The layout has been exhibited a number of times by Ian’s friend, Brian Fayle, as an interesting layout that we all can learn from. The photos above give you some idea of the over-all shape of the layout (left) and the kinds of mini-scenes produced by treating the whole as a 3-D artwork (right). For more of Brian’s photos of this remarkable layout, see Scrapbook #79.
HOMAGE TO ESCHER
By Koike Noriyuki (nickname “Rehsi”)
Rehsi’s layout is designed to be viewed as a work of art, inspired by the topsy-turvy world of M. C. Escher’s print, “Relativity.” Mounted in a TV gimbel, the layout can be turned in any direction for viewing. There are photos from several angles in Scrapbook #67a.
The design issues and engineering challenges of planning and building this layout give me a headache! They’re explained, along with the ways that Rehsi solved them, at his website. His methods for keeping the little trolleys on the track—and maintaining electrical contact—are fascinating in themselves. But I find it very satisfying just to look at this delightful creation. I think Rehsi’s wonderful and surprisingly scenic little layout pretty well defines the word, “”remarkable.”
CLASSIC SMALL LAYOUTS V E R S I O N 2.0
In 2002 some members of the Small Layout Design Discussion Group on Yahoo nominated their choices for Classic Small Layouts, the most admired designs. The resulting consensus list was posted on the Group site and published here as Scrapbook #4. The Classic Layouts were chosen because they had been selected by a great many model railroaders as inspirations for their own layouts. That is, they all have been “widely imitated.”

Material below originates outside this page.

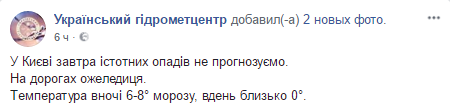 "В Киеве завтра осадков не прогнозируем. На дорогах гололедица. Температура ночью 6-8 ° мороза, днем около 0,"- также прогнозируют синоптики.

From the perspective of 2010, some 96 months later, it’s clear that a couple of the selections were not as popular as they seemed then, and other, newer designs are now inspiring even more new layouts. So it’s time for a re-examination of the Classics list. Here is Version 2.0 — Classic Small Layouts as viewed in 2010. There are several new additions! All layouts are drawn at approximately the same scale so you can see their relative sizes. They’re presented here in chronological order. It’s a remarkable collection!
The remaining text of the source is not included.